We can leave the rest of the options as default and click on Review + create. Once validation is successful, we wait for it to deploy. A successful deployment status looks like Figure 7(c).

Connect to K8s Cluster

Figure 8: Connect to K8s Cluster

From Figure 7(c), we select Connect to cluster after which we are presented with Figure 8. We can reveal the terminal by clicking on the Cloud Shell icon right to the search bar at the top. After we run the commands as present in the terminal, we can check how many of our nodes are active. Since we have selected 2 during configuration, we see 2 nodes returned in the terminal.

We have successfully set up our Kubernetes (K8s) Cluster. Now we are going to install a package manager called Helm.

Install Helm - a package manager for Kubernetes

Helm

Figure 9: Helm

Helm is a package manager for Kubernetes designed to manage K8s applications. It uses Helm Charts, which are configuration files to define, install, and upscale complex applications.

If you’re using the Azure Terminal, Helm might already be installed. Check by running -

helm version

We can install helm by running -

curl https://raw.githubusercontent.com/helm/helm/HEAD/scripts/get-helm-3 | bash

Run helm version after installing to verify.

Now that Helm is installed, we are going to create a config.yaml file that helm would use to configure and set up JupyterHub. We can create the file using the command -

nano config.yaml

To which we can add a boilerplate such as -

# This file can update the JupyterHub Helm chart's default configuration values.

# For reference see the configuration reference and default values, but make

# sure to refer to the Helm chart version of interest to you!

# Introduction to YAML: https://www.youtube.com/watch?v=cdLNKUoMc6c

# Chart config reference: https://zero-to-jupyterhub.readthedocs.io/en/stable/resources/reference.html

# Chart default values: https://github.com/jupyterhub/zero-to-jupyterhub-k8s/blob/HEAD/jupyterhub/values.yaml

# Available chart versions: https://jupyterhub.github.io/helm-chart/

# Install JupyterHub on K8s Cluster

Before installing JupyterHub, we have to make helm aware of its repository. We do it by running the following commands on the terminal -

helm repo add jupyterhub https://jupyterhub.github.io/helm-chart/

helm repo update

The output should look something like -

Hang tight while we grab the latest from your chart repositories...

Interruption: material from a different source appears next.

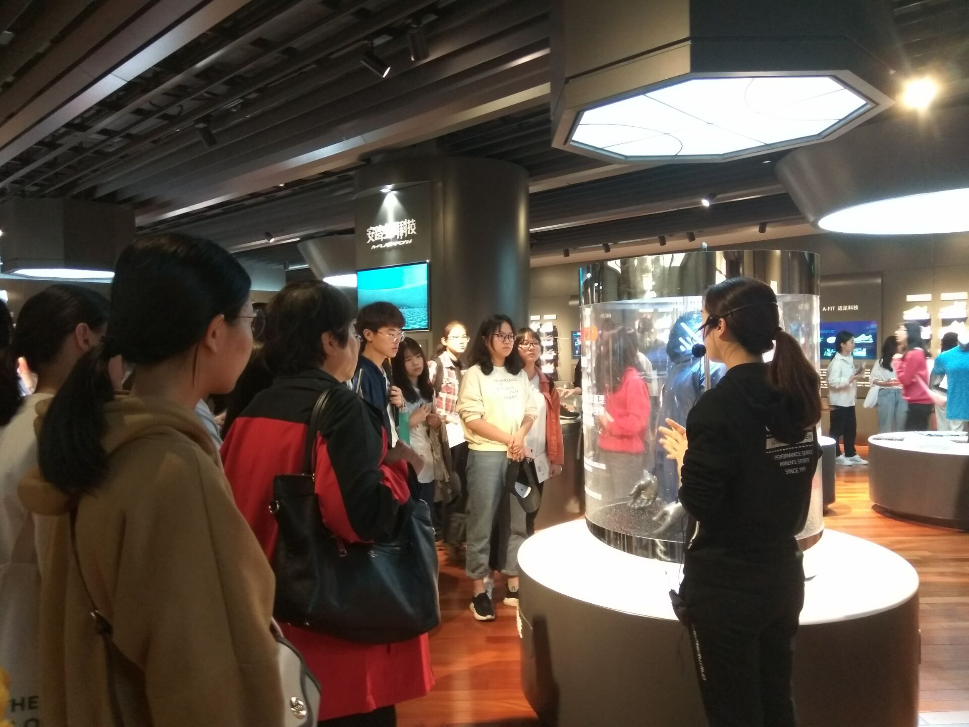 参观新城吾悦旗舰店 师生一行参观安踏总部博物馆,了解安踏企业创业史。公司内部讲解员详细为大家介绍了安踏集团的发展概况、品牌产品的发展历程以及安踏集团取得的一系列辉煌成就。同学们对安踏集团是如何从一家传统的民营企业转型成为具有国际竞争力的集生产制造与营销导向于一体的综合性体育用品企业有了深刻的认识和理解。随后,师生们分别参观安踏总部旗舰店和新城吾悦旗舰店,通过职业经理人和专业营销人员经验传授,学习门店零售的管理模式、商品管理、商品陈列、终端促销和电子商务等方面的专业知识。参观过程中,同学们踊跃提问,店长进行耐心解答。大家感受到了企业员工饱满的精神状态和热情的服务态度,通过系列产品的专属设置提升消费者的消费欲望。

...Skip local chart repository

...Successfully got an update from the "stable" chart repository

...Successfully got an update from the "jupyterhub" chart repository

Update Complete. ⎈ Happy Helming!⎈

Installing JupyterHub using Helm

Figure 10: Installing JupyterHub using Helm

Now we can install JupyterHub using the command in Figure 10. The jhub written after –install and –namespace should be unique for every helm release. Version 2.0.0 refers to the version of JupyterHub and worlds with Helm version 3.0.0 details of which can be found in the Helm Chart Repository.

Check active pods

Figure 11: Check active pods

Check IP to access

Figure 12: Check IP to access

We can check the active pods by running the command in Figure 11. We then run the commands in Figure 12, to get the External IP address that we are going to use to access JupyterHub. Once we access the URL, we are presented with the landing page for JupyterHub. We enter a Username and Password which would be the Sign Up credentials for a unique username.

Access JupyterHub

Figure 13(a): Access JupyterHub

Access JupyterHub 2

Figure 13(b): Access JupyterHub

We have successfully installed Zero to JupyterHub on an Azure Kubernetes Cluster.

Conclusion

In this article, we have explored how to install The Littlest Jupyter and Zero to JupyterHub for varying Data Science requirements. I hope this helps you in making a complex process simpler.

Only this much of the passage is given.